• **DIRECTIONS FOR THIS TASK**
Would you restate each line of the data below word for word, without its pictures?
------ RAW DATA
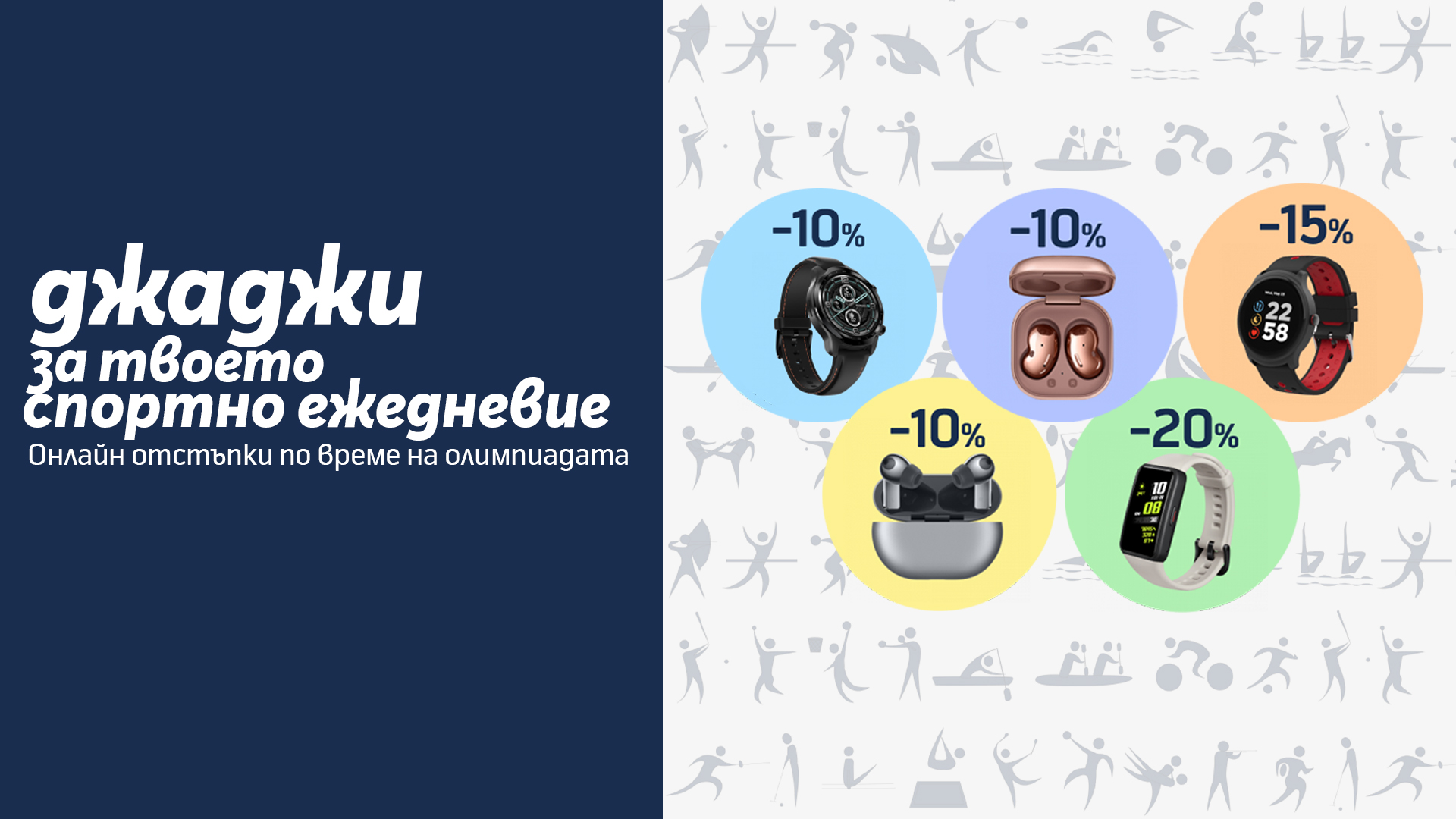 Отстъпката от цената е валидна за различни аксесоари като смарт часовници, гривни, безжични слушалки и др. За да се възползват от нея, при покупка от онлайн магазина клиентите е нужно да въведат код OLYMPIC. Отстъпките са валидни само при покупка в брой и не важат за покупка на лизинг.
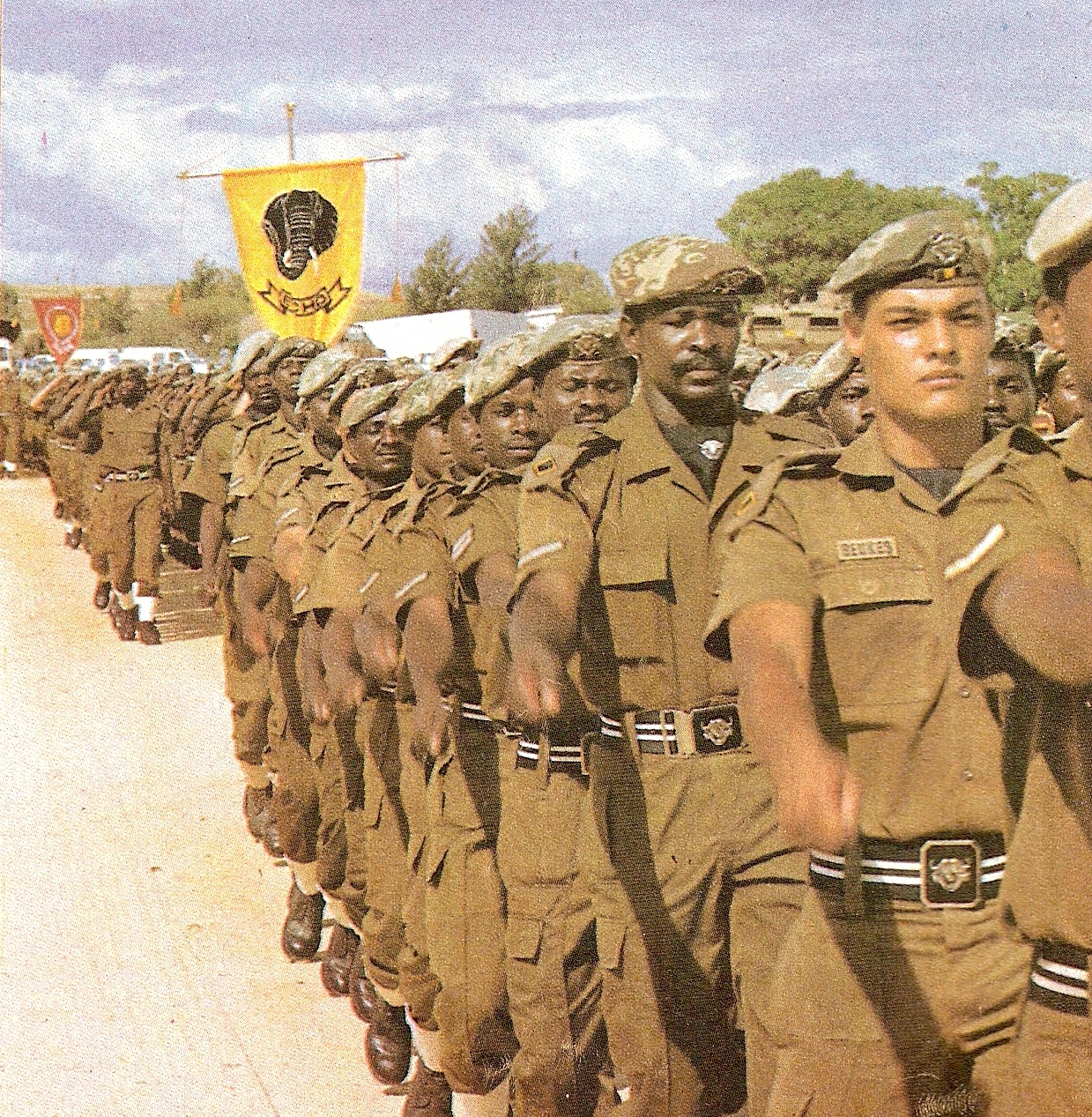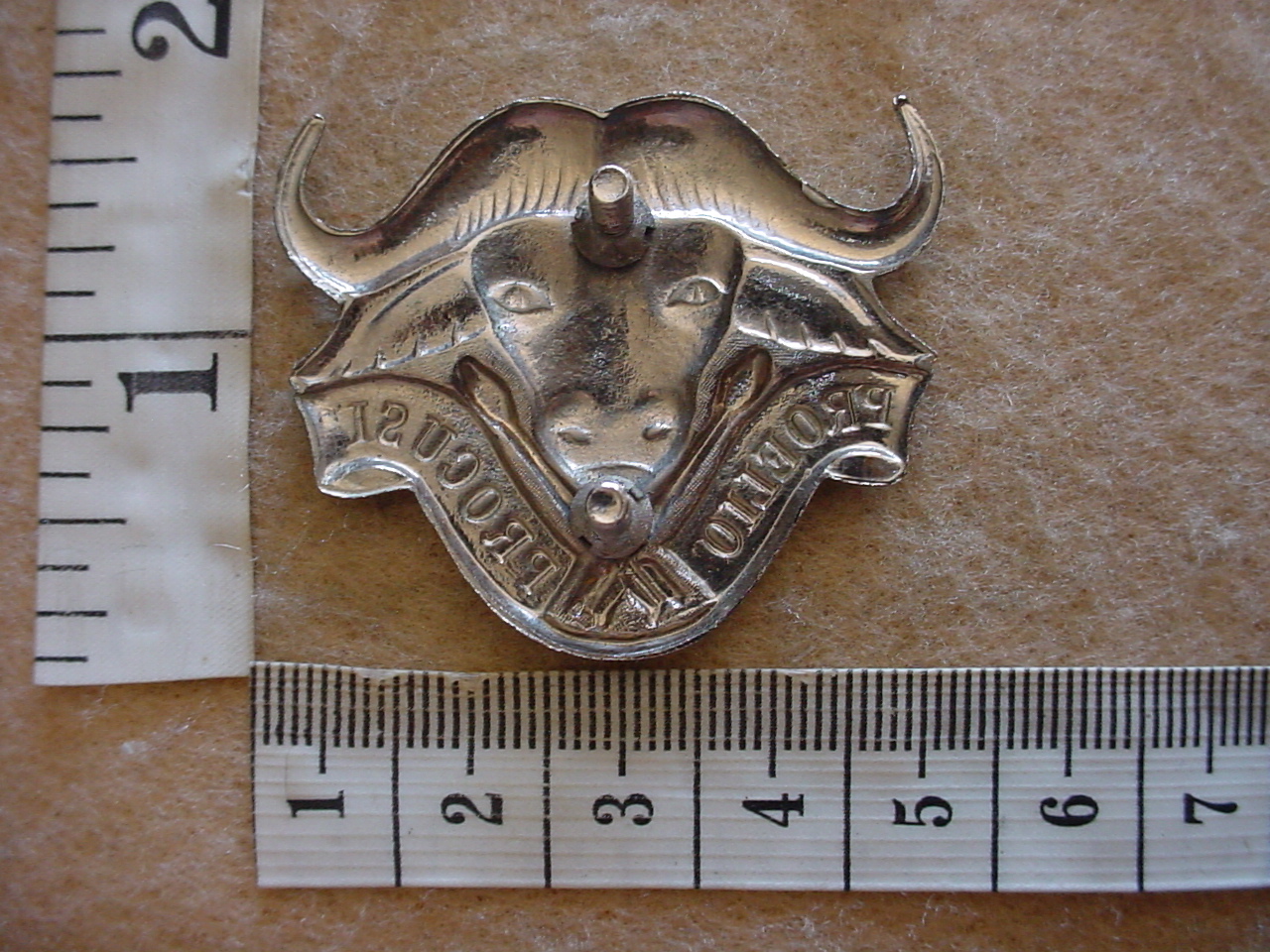32 Battalion beret badge, original issue, also used on the stable belt buckle. A note to collectors, there was never a brass 32 Bn beret badge or collar badges made or worn at any stage, all were chromed. Be aware of the sellers on internet auctions selling the brass badges as “Rare 1st issue”, these, and most of the chromed ones being sold are newly made fakes. The brass badges in Colin Owen’s book, The Military Badges and Insignia of Southern Africa, came out the factory incomplete, had not been chromed yet, and were incorrectly identified as 1st issue.
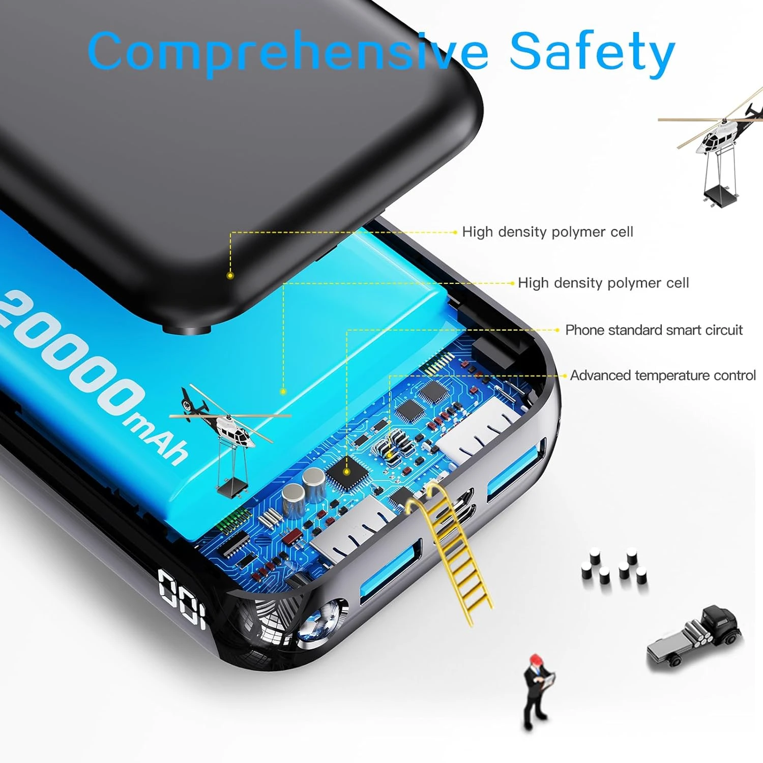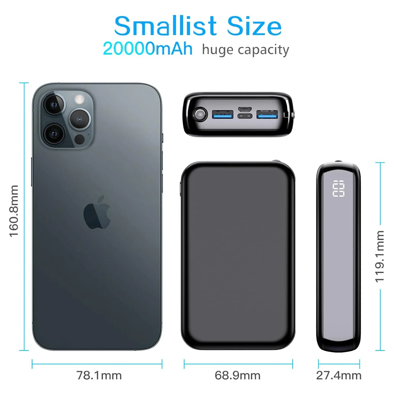Conclusion : Notre Batterie Portable 20 000 mAh combine capacité élevée, charge rapide et sécurité, le tout dans un format compact pour vous accompagner dans tous vos déplacements. Profitez de la tranquillité d’esprit en sachant que votre énergie est entre de bonnes mains. 🔋
------------
• **EXERCISE OUTPUT**
 Отстъпката от цената е валидна за различни аксесоари като смарт часовници, гривни, безжични слушалки и др. За да се възползват от нея, при покупка от онлайн магазина клиентите е нужно да въведат код OLYMPIC. Отстъпките са валидни само при покупка в брой и не важат за покупка на лизинг.
32 Battalion beret badge, original issue, also used on the stable belt buckle. A note to collectors, there was never a brass 32 Bn beret badge or collar badges made or worn at any stage, all were chromed. Be aware of the sellers on internet auctions selling the brass badges as “Rare 1st issue”, these, and most of the chromed ones being sold are newly made fakes. The brass badges in Colin Owen’s book, The Military Badges and Insignia of Southern Africa, came out the factory incomplete, had not been chromed yet, and were incorrectly identified as 1st issue.
Conclusion : Notre Batterie Portable 20 000 mAh combine capacité élevée, charge rapide et sécurité, le tout dans un format compact pour vous accompagner dans tous vos déplacements. Profitez de la tranquillité d’esprit en sachant que votre énergie est entre de bonnes mains. 🔋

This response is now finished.